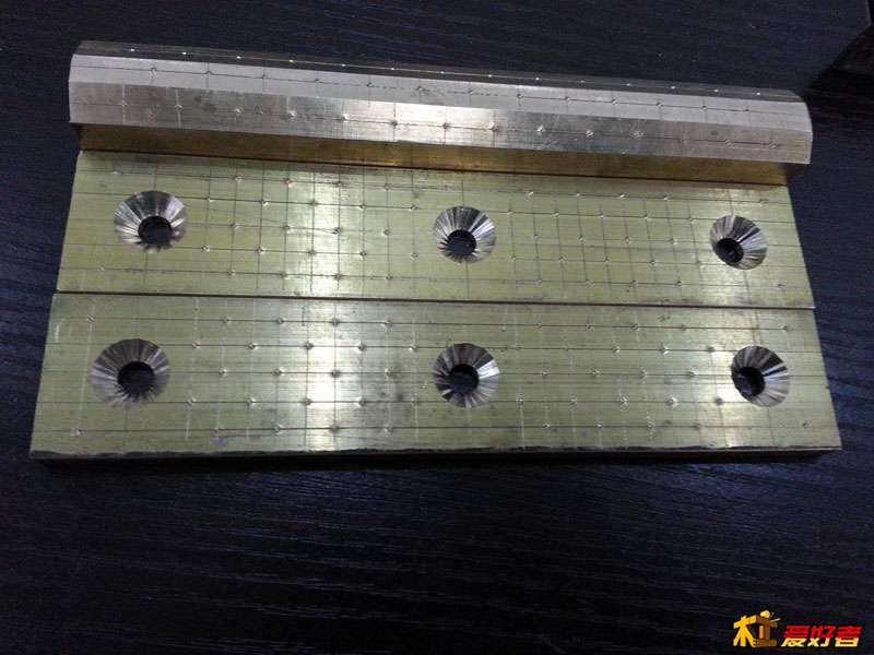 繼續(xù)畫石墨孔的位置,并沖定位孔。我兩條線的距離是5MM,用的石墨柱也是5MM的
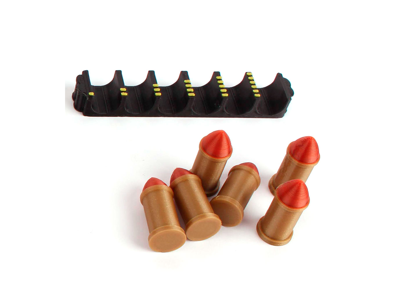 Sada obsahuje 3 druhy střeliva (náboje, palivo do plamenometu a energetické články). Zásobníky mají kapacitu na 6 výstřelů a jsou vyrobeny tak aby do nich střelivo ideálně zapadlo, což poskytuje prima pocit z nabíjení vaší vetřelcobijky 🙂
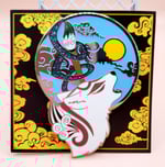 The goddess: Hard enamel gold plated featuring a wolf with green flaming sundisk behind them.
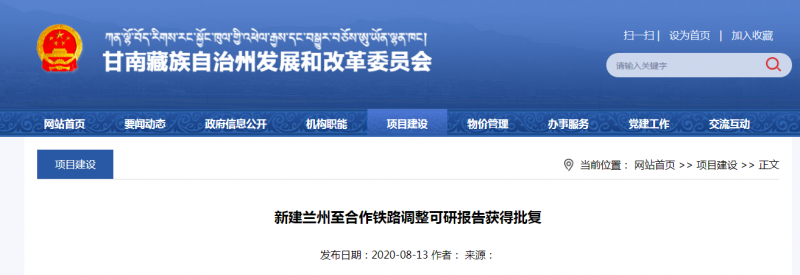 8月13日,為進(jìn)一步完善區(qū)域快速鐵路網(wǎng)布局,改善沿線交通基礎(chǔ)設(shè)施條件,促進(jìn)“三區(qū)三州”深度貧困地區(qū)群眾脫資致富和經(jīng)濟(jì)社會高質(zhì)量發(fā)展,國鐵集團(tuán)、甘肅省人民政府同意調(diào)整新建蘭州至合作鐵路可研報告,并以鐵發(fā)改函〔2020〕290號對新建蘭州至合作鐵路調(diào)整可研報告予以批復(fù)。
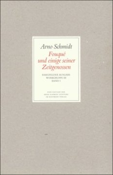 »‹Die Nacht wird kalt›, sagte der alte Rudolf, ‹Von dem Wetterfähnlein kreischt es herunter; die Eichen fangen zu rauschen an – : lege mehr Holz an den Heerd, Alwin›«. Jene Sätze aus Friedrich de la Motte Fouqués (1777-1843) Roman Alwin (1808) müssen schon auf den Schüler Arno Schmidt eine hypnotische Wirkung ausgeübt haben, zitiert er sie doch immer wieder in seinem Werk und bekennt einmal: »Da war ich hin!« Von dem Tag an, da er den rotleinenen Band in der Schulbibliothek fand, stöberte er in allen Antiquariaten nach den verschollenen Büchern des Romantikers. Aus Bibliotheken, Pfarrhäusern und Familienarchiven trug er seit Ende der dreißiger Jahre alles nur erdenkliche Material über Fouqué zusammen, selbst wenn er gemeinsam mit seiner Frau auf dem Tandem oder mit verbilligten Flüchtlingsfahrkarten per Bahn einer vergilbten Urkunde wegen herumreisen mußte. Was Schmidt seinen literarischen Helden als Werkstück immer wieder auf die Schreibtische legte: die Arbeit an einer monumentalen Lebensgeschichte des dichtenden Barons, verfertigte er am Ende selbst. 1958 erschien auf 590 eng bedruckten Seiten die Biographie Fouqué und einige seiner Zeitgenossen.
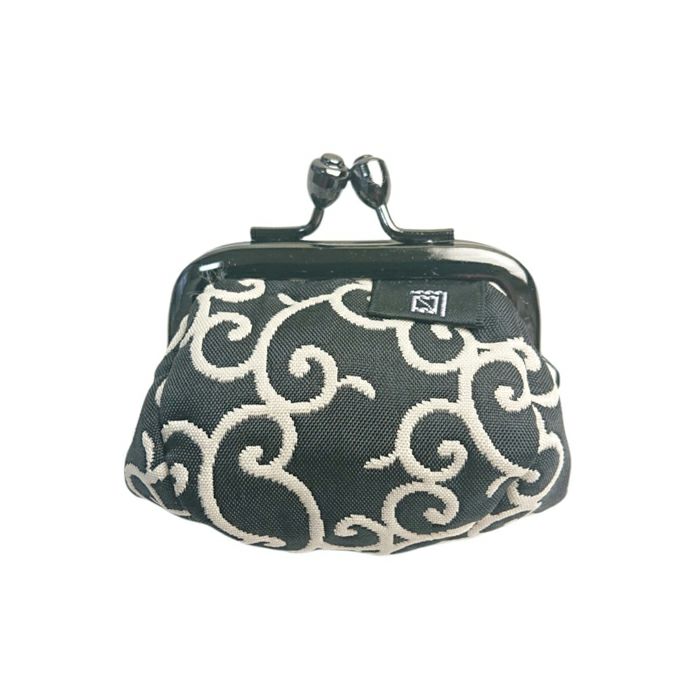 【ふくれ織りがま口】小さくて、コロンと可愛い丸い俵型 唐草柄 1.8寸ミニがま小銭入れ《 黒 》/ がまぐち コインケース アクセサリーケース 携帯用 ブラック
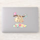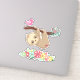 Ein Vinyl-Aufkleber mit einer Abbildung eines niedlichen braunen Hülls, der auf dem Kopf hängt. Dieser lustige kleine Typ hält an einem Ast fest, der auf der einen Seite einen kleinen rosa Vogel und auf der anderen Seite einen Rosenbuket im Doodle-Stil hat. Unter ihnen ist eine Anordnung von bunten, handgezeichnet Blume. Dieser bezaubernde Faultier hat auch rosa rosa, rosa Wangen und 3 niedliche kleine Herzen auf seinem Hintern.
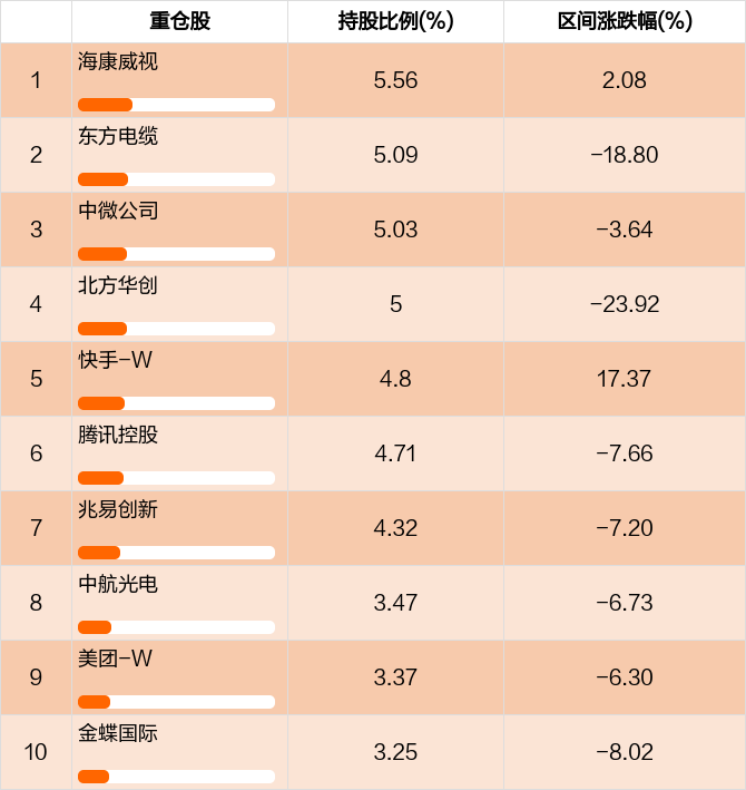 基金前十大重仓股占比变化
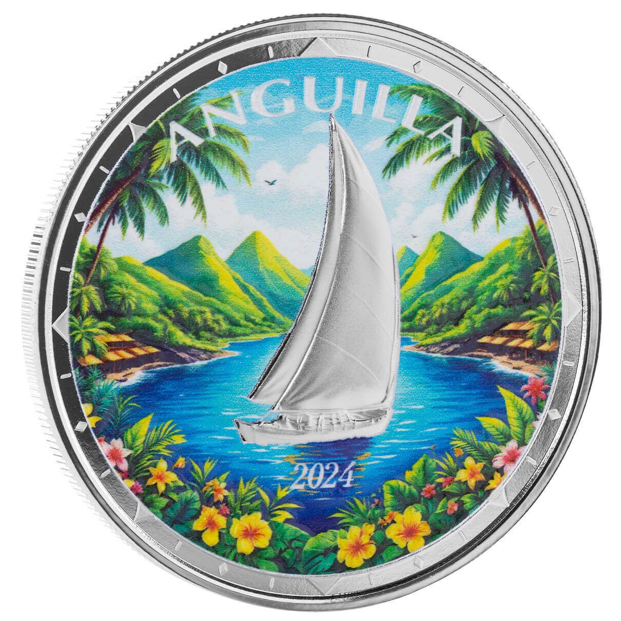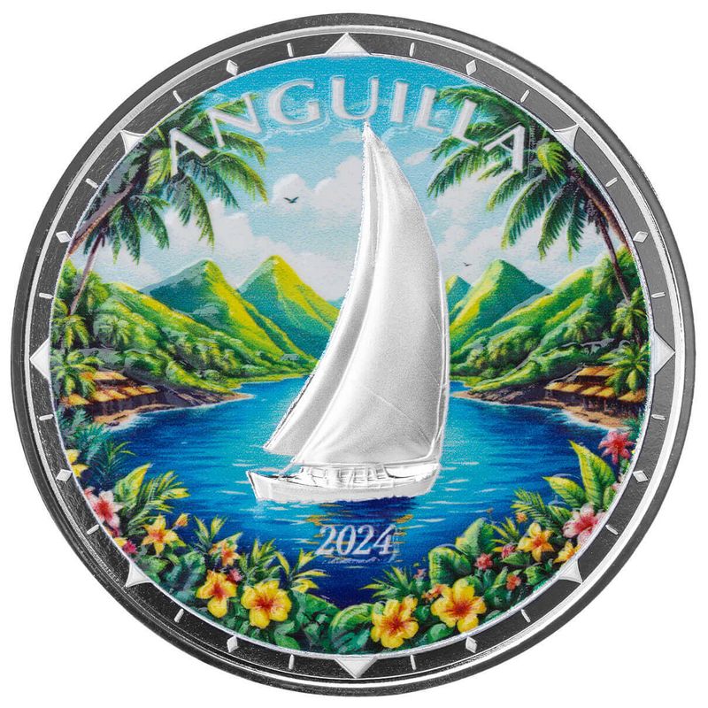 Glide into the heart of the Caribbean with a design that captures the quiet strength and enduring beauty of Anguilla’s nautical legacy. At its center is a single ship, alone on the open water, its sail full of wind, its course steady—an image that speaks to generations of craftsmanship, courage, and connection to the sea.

════════════════

◆ WORK ORDER
Reproduce all the records verbatim, excluding images.

◆ TASK SOLUTION
 繼續(xù)畫石墨孔的位置,并沖定位孔。我兩條線的距離是5MM,用的石墨柱也是5MM的
 Sada obsahuje 3 druhy střeliva (náboje, palivo do plamenometu a energetické články). Zásobníky mají kapacitu na 6 výstřelů a jsou vyrobeny tak aby do nich střelivo ideálně zapadlo, což poskytuje prima pocit z nabíjení vaší vetřelcobijky 🙂
 The goddess: Hard enamel gold plated featuring a wolf with green flaming sundisk behind them.
 8月13日,為進(jìn)一步完善區(qū)域快速鐵路網(wǎng)布局,改善沿線交通基礎(chǔ)設(shè)施條件,促進(jìn)“三區(qū)三州”深度貧困地區(qū)群眾脫資致富和經(jīng)濟(jì)社會高質(zhì)量發(fā)展,國鐵集團(tuán)、甘肅省人民政府同意調(diào)整新建蘭州至合作鐵路可研報告,并以鐵發(fā)改函〔2020〕290號對新建蘭州至合作鐵路調(diào)整可研報告予以批復(fù)。
 »‹Die Nacht wird kalt›, sagte der alte Rudolf, ‹Von dem Wetterfähnlein kreischt es herunter; die Eichen fangen zu rauschen an – : lege mehr Holz an den Heerd, Alwin›«. Jene Sätze aus Friedrich de la Motte Fouqués (1777-1843) Roman Alwin (1808) müssen schon auf den Schüler Arno Schmidt eine hypnotische Wirkung ausgeübt haben, zitiert er sie doch immer wieder in seinem Werk und bekennt einmal: »Da war ich hin!« Von dem Tag an, da er den rotleinenen Band in der Schulbibliothek fand, stöberte er in allen Antiquariaten nach den verschollenen Büchern des Romantikers. Aus Bibliotheken, Pfarrhäusern und Familienarchiven trug er seit Ende der dreißiger Jahre alles nur erdenkliche Material über Fouqué zusammen, selbst wenn er gemeinsam mit seiner Frau auf dem Tandem oder mit verbilligten Flüchtlingsfahrkarten per Bahn einer vergilbten Urkunde wegen herumreisen mußte. Was Schmidt seinen literarischen Helden als Werkstück immer wieder auf die Schreibtische legte: die Arbeit an einer monumentalen Lebensgeschichte des dichtenden Barons, verfertigte er am Ende selbst. 1958 erschien auf 590 eng bedruckten Seiten die Biographie Fouqué und einige seiner Zeitgenossen.
 【ふくれ織りがま口】小さくて、コロンと可愛い丸い俵型 唐草柄 1.8寸ミニがま小銭入れ《 黒 》/ がまぐち コインケース アクセサリーケース 携帯用 ブラック
 Ein Vinyl-Aufkleber mit einer Abbildung eines niedlichen braunen Hülls, der auf dem Kopf hängt. Dieser lustige kleine Typ hält an einem Ast fest, der auf der einen Seite einen kleinen rosa Vogel und auf der anderen Seite einen Rosenbuket im Doodle-Stil hat. Unter ihnen ist eine Anordnung von bunten, handgezeichnet Blume. Dieser bezaubernde Faultier hat auch rosa rosa, rosa Wangen und 3 niedliche kleine Herzen auf seinem Hintern.
 基金前十大重仓股占比变化
 Glide into the heart of the Caribbean with a design that captures the quiet strength and enduring beauty of Anguilla’s nautical legacy. At its center is a single ship, alone on the open water, its sail full of wind, its course steady—an image that speaks to generations of craftsmanship, courage, and connection to the sea.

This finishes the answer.